March 10, 2020 / 9:35 AM / 25 days ago

Daily Briefing: Are we there yet?

LONDON (Reuters) - It was on March 9, 2009 - exactly 11 years ago - that the MSCI World index hit bottom, emerging from the great crisis selloff. Yesterday was the reverse, and despite some signs of stabilisation today, it does not seem that we are at the bottom of the market yet.

Still, after Monday’s moves – the biggest oil price drop since 1991, the worst Wall Street day since 2008, a 3% yen gain, European shares in bear territory and U.S. 10-year yields near 0.3% -- markets had to stabilise somewhat.

Futures are implying a 3% bounce on Wall Street. European shares are looking at opening 2% or so higher, and in Asia the Nikkei rose almost 1% while Chinese equities gained more than 1%.

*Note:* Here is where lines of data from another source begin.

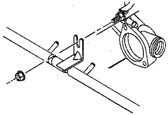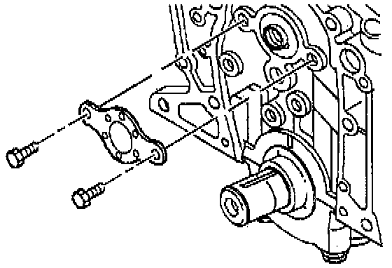 b. Remove the thermostat coolant bypass pipe retaining bolt, nut, and screw.
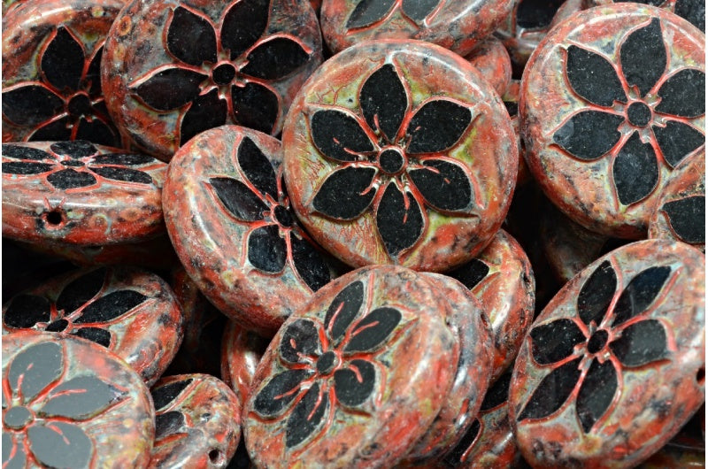 テーブルカットコインフラワービーズ、ブラックトラバーチンベージュオレンジスポット(23980-86800-33307)、ガラス、チェコ共和国
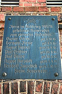 Ihren im Weltkrieg 1914/18 gefallenen Kameraden zum ehrenden Gedenken (Namen) Freiw. Feuerwehr
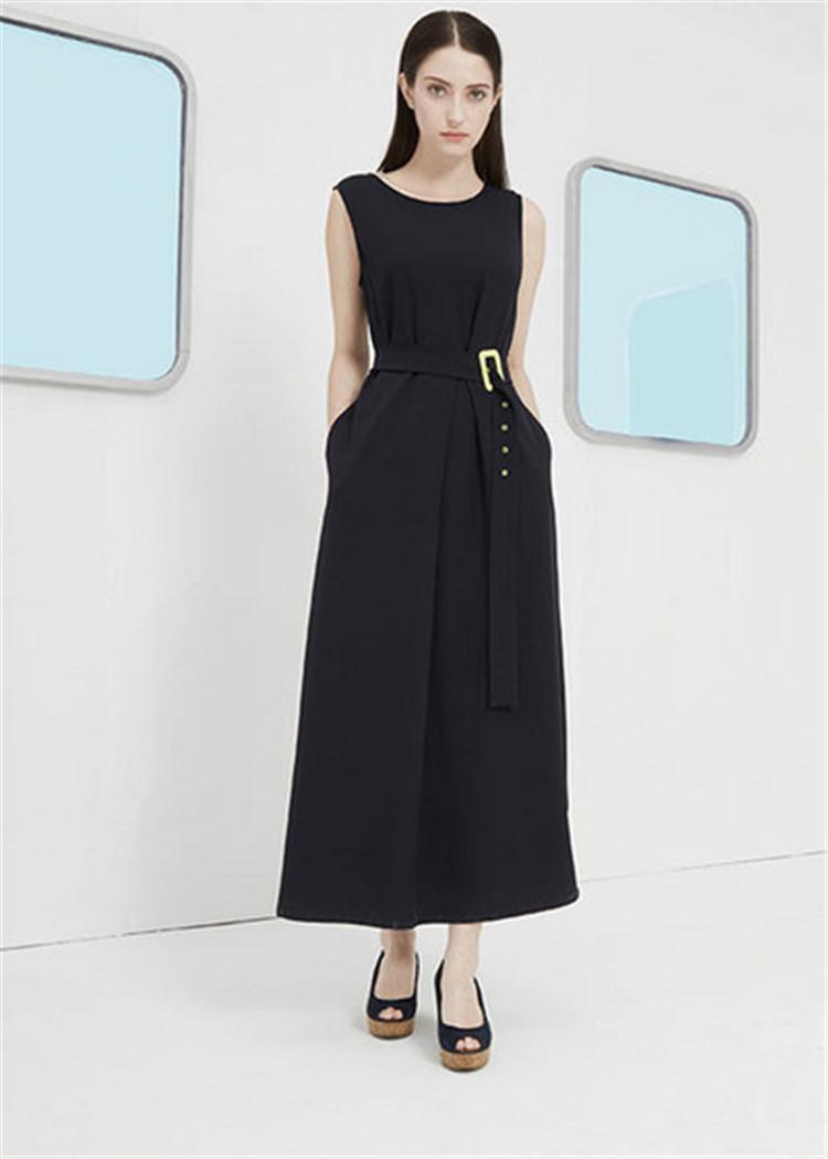無袖V領(lǐng)梭織連衣裙 性感v領(lǐng)吊帶連衣裙 素色簡(jiǎn)約連衣裙
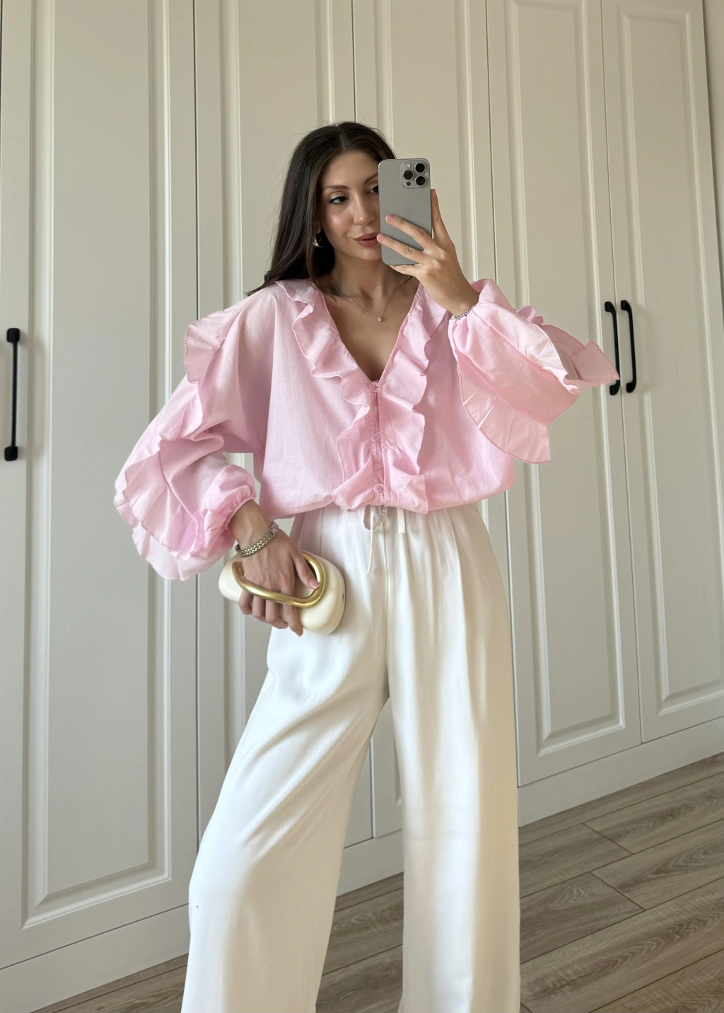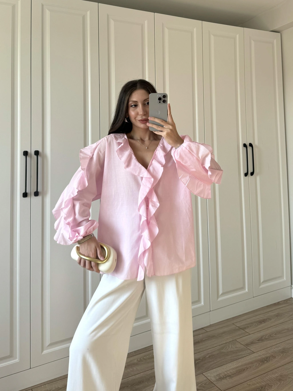 Orj Marka Wien Volanlı Premium Pembe Gömlek
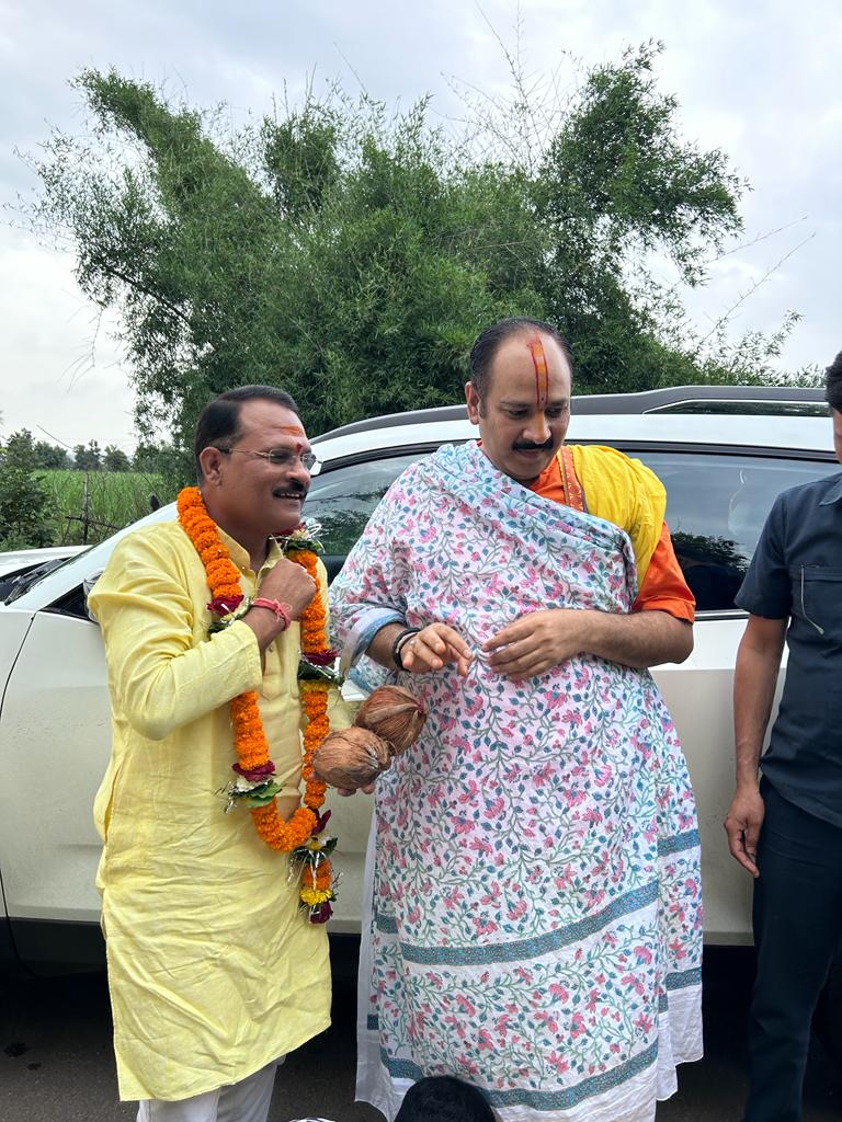 कवर्धा :- श्रावण सोमवार के दिन प्रसिद्ध शिव पुराण के अंतर्राष्ट्रीय कथाकार पंडित प्रदीप मिश्रा जी महाराज का तिल्दा से सीहोर जाने के दौरान अल्प समय के लिए कवर्धा आगमन हुआ। इस दौरान उन्होंने श्रीगणेशपुरम में पतंजलि किसान सेवा समिति के राज्य प्रभारी गणेश तिवारी से सपरिवार आत्मीयतापूर्ण मुलाकात करते हुए आशीर्वाद प्रदान किया। अपने अल्पप्रवास के दौरान श्रीगणेशपुरम में हुए कार्यक्रमों की सराहना करते हुए गणेश तिवारी के आग्रह पर आने वाले समय पर पुनः कवर्धा के कार्यक्रम में आने की बात कही।
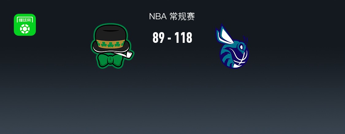 第四节凯尔特人加尔扎拿下6分,黄蜂拉梅洛-鲍尔拿下6分,最终凯尔特人89-118不敌黄蜂
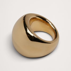 Our statement-scale dome ring is cast in bronze with a pleasing level of heft. The bronze is plated in 12K gold or sterling silver and polished to a high shine.
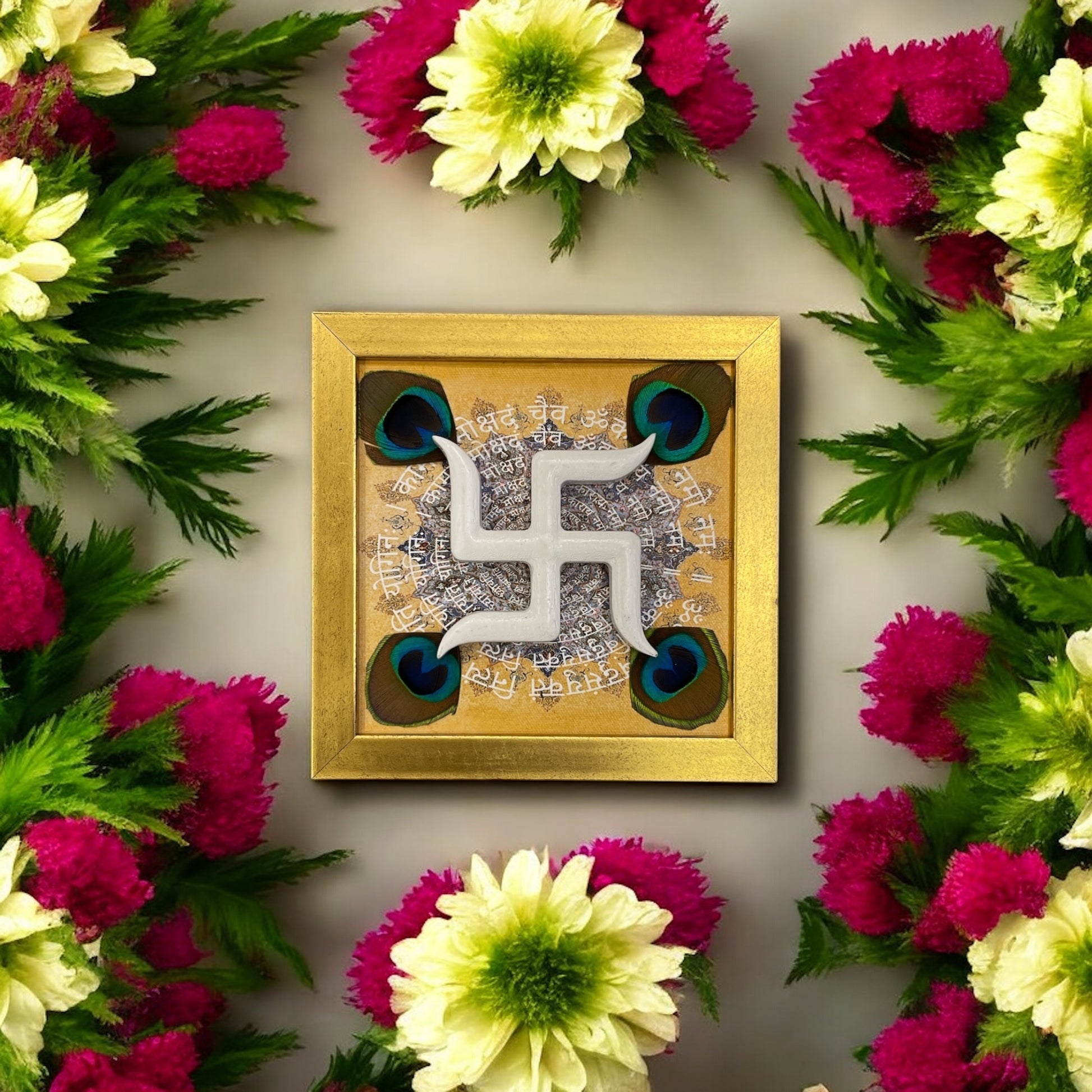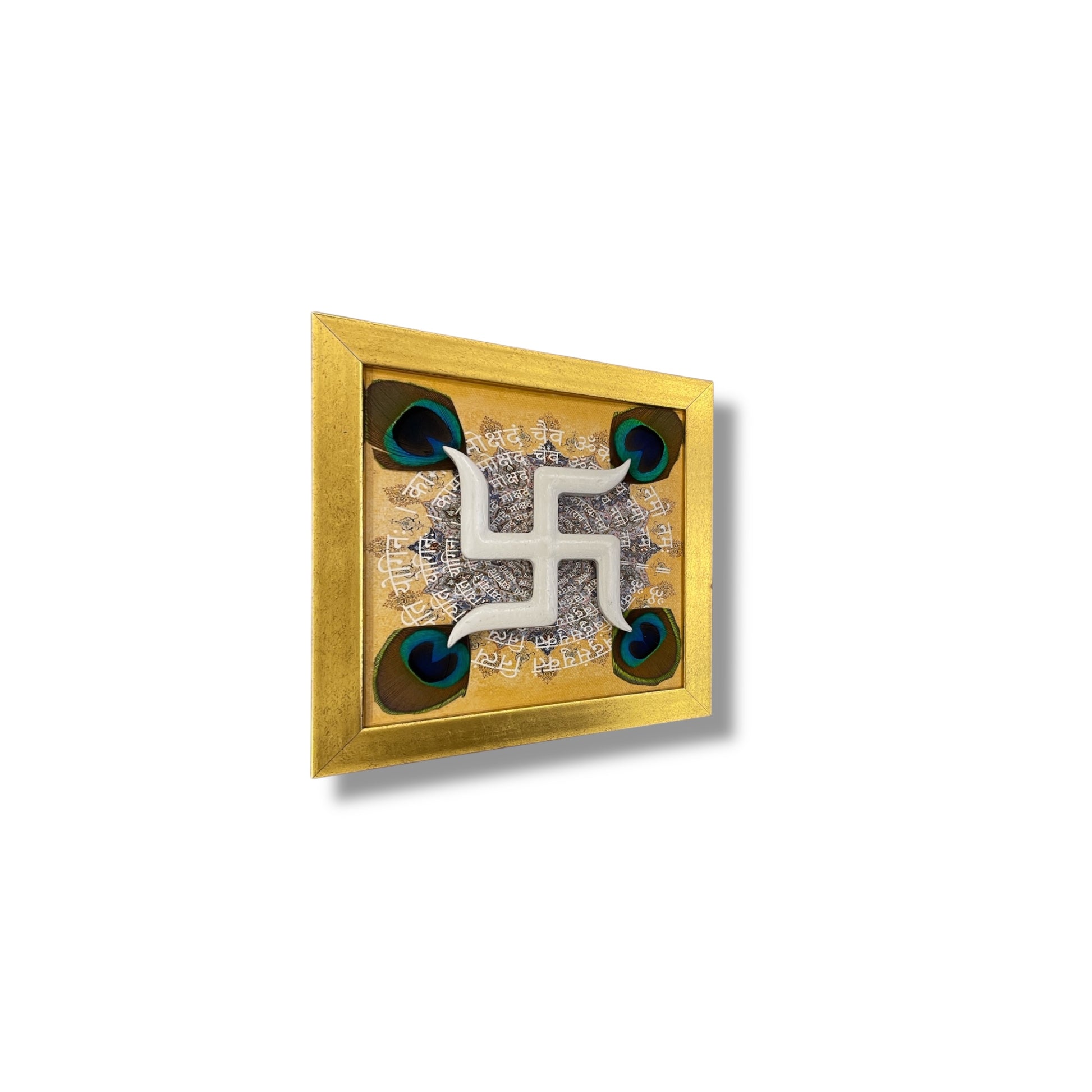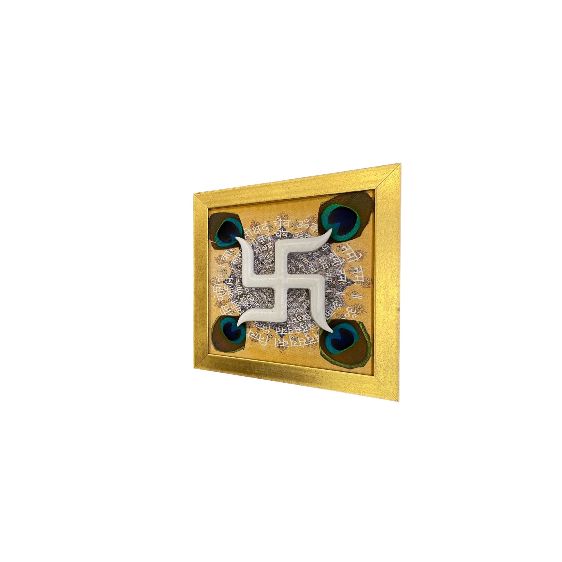 White Wooden Swastik with Peacock Feathers on Omkara in Gold Frame
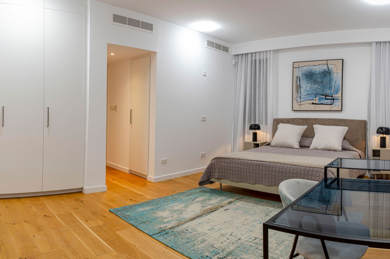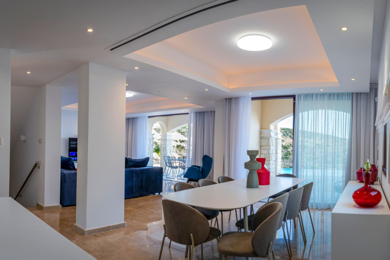 The spacious and airy first floor lobby leads to the magnificent master bedroom with panoramic glass doors opening on to a large terrace with unparalleled views of the Mediterranean and magnificent sunrise and sunset views over the horizon.
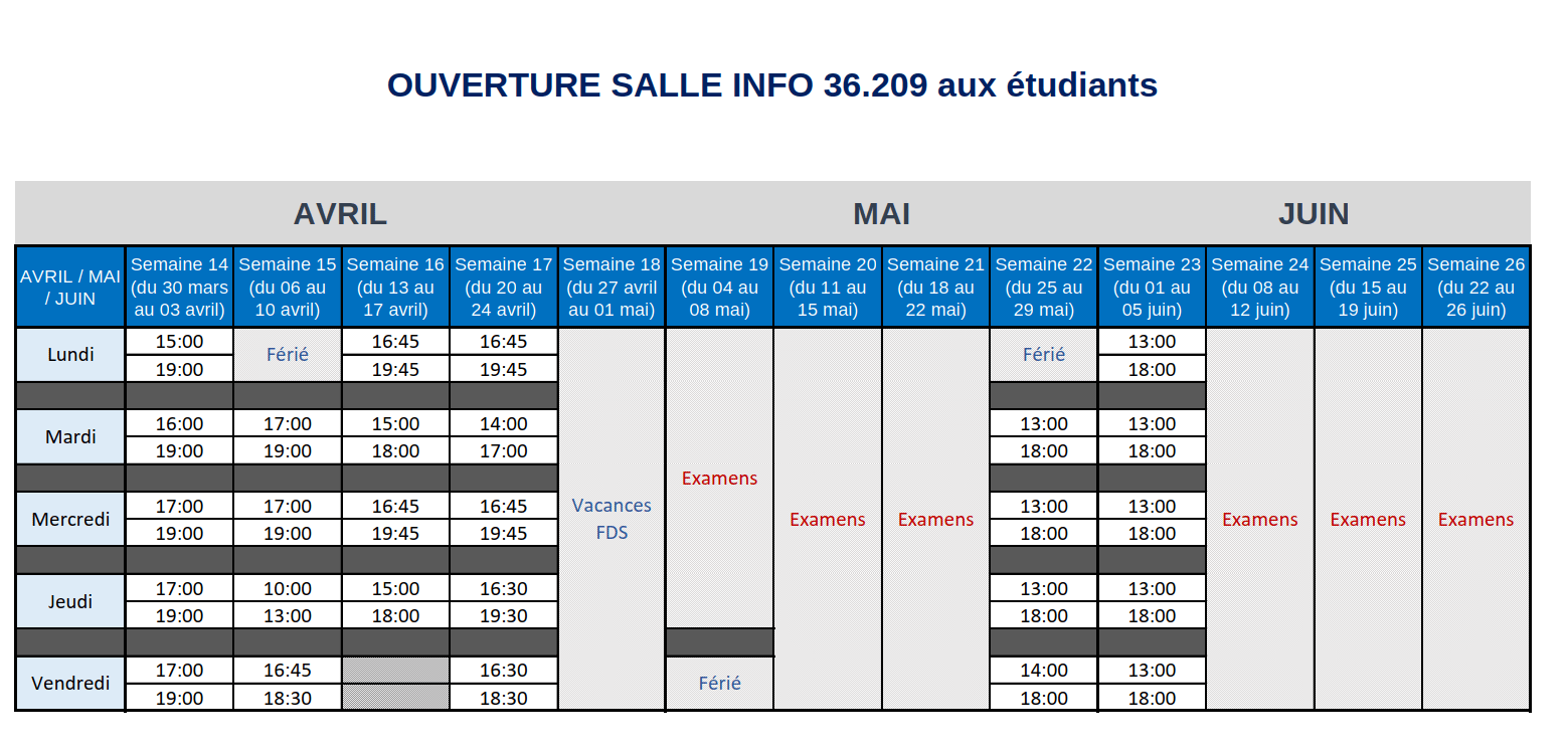 Vous trouverez ci-dessous le planning d’ouverture de la salle 36.209 pour les mois à venir…
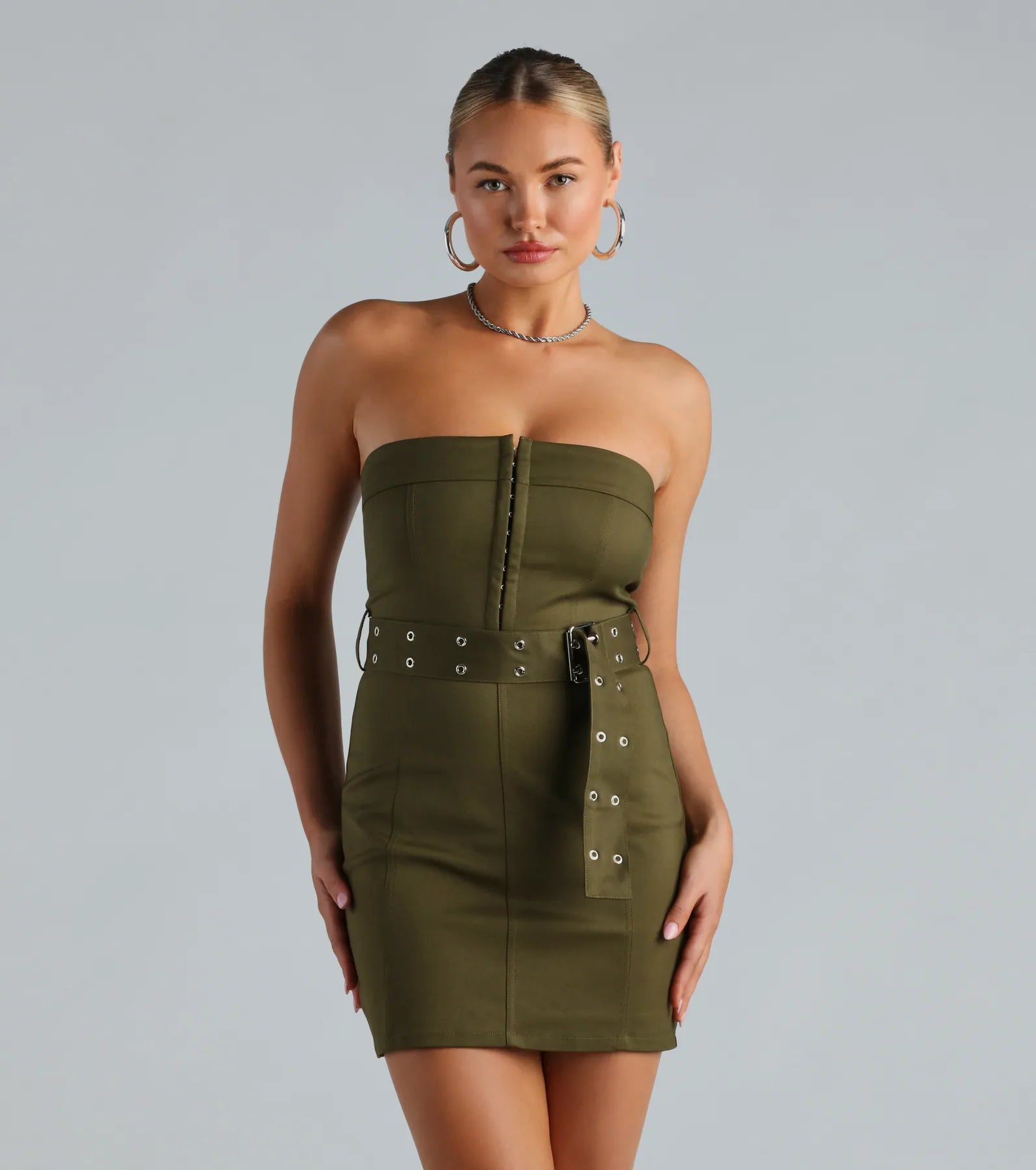 Capture all the attention in this alluring belted mini dress that will draw in all the compliments! It features a strapless straight-across neckline. front hook and eye closures at the bodice. a high waist seam with a belted design to cinch your silhouette. vertical seams running down the front and back. and a mini-length hem with a bodycon fit. The lined woven fabric has a minimal stretch. Style this edgy-chic dress with hoop earrings and ankle booties!

Even oil has recovered 7% and U.S. Treasury yields doubled to 0.7%. The dollar index is up half a percent, the yen down almost 2% and the euro lower by 0.7%.

Other than some bargain hunting, the reason is expectations of stimulus. U.S. President Donald Trump pledged "major" steps, including a cut to payroll tax, and the Fed is expected to trim interest rates again – JPMorgan analysts predict a cut to 0% this month.

The White House will also meet with bank executives this week in a sign the U.S. government is preparing to roll out more measures to ease their pain.

On the other side of the world, Japanese PM Shinzo Abe said the government will work with the Bank of Japan to stabilise markets. BOJ Governor Haruhiko Kuroda raised the likelihood of monetary easing at next week's meeting.

Market thinking is that the BOJ might pledge next week to buy ETFs at a faster pace than the current commitment to do so by roughly 6 trillion yen ($58.12 billion) per year.

The Australian government is also set to announce a fiscal stimulus package this week and New Zealand’s central bank governor said negative interest rates and asset purchases are all in its tool kit.

The coronavirus news isn’t great, though. The spread of the illness in China has slowed, but it’s proliferating elsewhere. All of Italy is locked down and the global death toll is almost 4,000.

The plunge in oil prices may be welcome for importing nations, but it is also complicating the lives of central bankers battling disinflation. From Australia to China, we have had more dire readings, and while these are already outdated they are putting pressure on policymakers – producer prices are in deflation. Business and confidence data out of Australia have been terrible.

The knock-on effects are being felt by companies from Italian luxury goods to airlines.  Markets may be more cheerful today, but keep an eye on credit spreads and money markets – the panic isn’t over.

All it needs for the mood to reverse is a spike in cases and trading disruptions in London, New York or other major financial centres.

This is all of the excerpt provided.